Would you set down the whole listing again exactly as it appears?

— RAW DATA —
━━━━━━

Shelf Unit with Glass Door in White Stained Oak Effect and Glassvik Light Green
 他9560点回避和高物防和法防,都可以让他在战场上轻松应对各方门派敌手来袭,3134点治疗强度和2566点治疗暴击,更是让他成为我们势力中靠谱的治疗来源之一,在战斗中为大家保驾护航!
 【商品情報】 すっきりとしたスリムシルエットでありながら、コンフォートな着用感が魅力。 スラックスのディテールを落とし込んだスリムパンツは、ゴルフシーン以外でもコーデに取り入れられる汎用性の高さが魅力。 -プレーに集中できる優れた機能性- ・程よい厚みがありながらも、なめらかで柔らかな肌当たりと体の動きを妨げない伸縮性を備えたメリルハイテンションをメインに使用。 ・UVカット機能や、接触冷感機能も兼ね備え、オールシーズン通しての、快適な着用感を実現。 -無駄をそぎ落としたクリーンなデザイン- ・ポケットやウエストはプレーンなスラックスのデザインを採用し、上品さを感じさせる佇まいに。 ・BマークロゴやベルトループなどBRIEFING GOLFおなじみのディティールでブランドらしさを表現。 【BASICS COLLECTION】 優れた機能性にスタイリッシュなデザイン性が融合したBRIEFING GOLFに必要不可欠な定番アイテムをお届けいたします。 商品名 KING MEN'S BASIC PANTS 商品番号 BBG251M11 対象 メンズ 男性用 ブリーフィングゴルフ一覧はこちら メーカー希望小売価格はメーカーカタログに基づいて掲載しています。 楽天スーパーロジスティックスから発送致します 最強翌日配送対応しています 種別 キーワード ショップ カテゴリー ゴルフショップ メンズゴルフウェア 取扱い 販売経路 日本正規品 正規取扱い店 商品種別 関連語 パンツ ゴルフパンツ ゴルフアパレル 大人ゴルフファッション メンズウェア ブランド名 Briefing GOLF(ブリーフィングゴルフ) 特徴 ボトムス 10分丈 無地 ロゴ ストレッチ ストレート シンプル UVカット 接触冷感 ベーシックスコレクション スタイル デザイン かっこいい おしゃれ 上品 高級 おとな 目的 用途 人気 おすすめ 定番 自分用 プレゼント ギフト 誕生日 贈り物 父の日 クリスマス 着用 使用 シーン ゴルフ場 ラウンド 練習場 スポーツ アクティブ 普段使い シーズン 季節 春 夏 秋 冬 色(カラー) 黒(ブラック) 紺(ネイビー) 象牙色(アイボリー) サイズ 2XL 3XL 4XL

━━━━━━

— SOLUTION FOR THIS PROBLEM —
Shelf Unit with Glass Door in White Stained Oak Effect and Glassvik Light Green
 他9560点回避和高物防和法防,都可以让他在战场上轻松应对各方门派敌手来袭,3134点治疗强度和2566点治疗暴击,更是让他成为我们势力中靠谱的治疗来源之一,在战斗中为大家保驾护航!
 【商品情報】 すっきりとしたスリムシルエットでありながら、コンフォートな着用感が魅力。 スラックスのディテールを落とし込んだスリムパンツは、ゴルフシーン以外でもコーデに取り入れられる汎用性の高さが魅力。 -プレーに集中できる優れた機能性- ・程よい厚みがありながらも、なめらかで柔らかな肌当たりと体の動きを妨げない伸縮性を備えたメリルハイテンションをメインに使用。 ・UVカット機能や、接触冷感機能も兼ね備え、オールシーズン通しての、快適な着用感を実現。 -無駄をそぎ落としたクリーンなデザイン- ・ポケットやウエストはプレーンなスラックスのデザインを採用し、上品さを感じさせる佇まいに。 ・BマークロゴやベルトループなどBRIEFING GOLFおなじみのディティールでブランドらしさを表現。 【BASICS COLLECTION】 優れた機能性にスタイリッシュなデザイン性が融合したBRIEFING GOLFに必要不可欠な定番アイテムをお届けいたします。 商品名 KING MEN'S BASIC PANTS 商品番号 BBG251M11 対象 メンズ 男性用 ブリーフィングゴルフ一覧はこちら メーカー希望小売価格はメーカーカタログに基づいて掲載しています。 楽天スーパーロジスティックスから発送致します 最強翌日配送対応しています 種別 キーワード ショップ カテゴリー ゴルフショップ メンズゴルフウェア 取扱い 販売経路 日本正規品 正規取扱い店 商品種別 関連語 パンツ ゴルフパンツ ゴルフアパレル 大人ゴルフファッション メンズウェア ブランド名 Briefing GOLF(ブリーフィングゴルフ) 特徴 ボトムス 10分丈 無地 ロゴ ストレッチ ストレート シンプル UVカット 接触冷感 ベーシックスコレクション スタイル デザイン かっこいい おしゃれ 上品 高級 おとな 目的 用途 人気 おすすめ 定番 自分用 プレゼント ギフト 誕生日 贈り物 父の日 クリスマス 着用 使用 シーン ゴルフ場 ラウンド 練習場 スポーツ アクティブ 普段使い シーズン 季節 春 夏 秋 冬 色(カラー) 黒(ブラック) 紺(ネイビー) 象牙色(アイボリー) サイズ 2XL 3XL 4XL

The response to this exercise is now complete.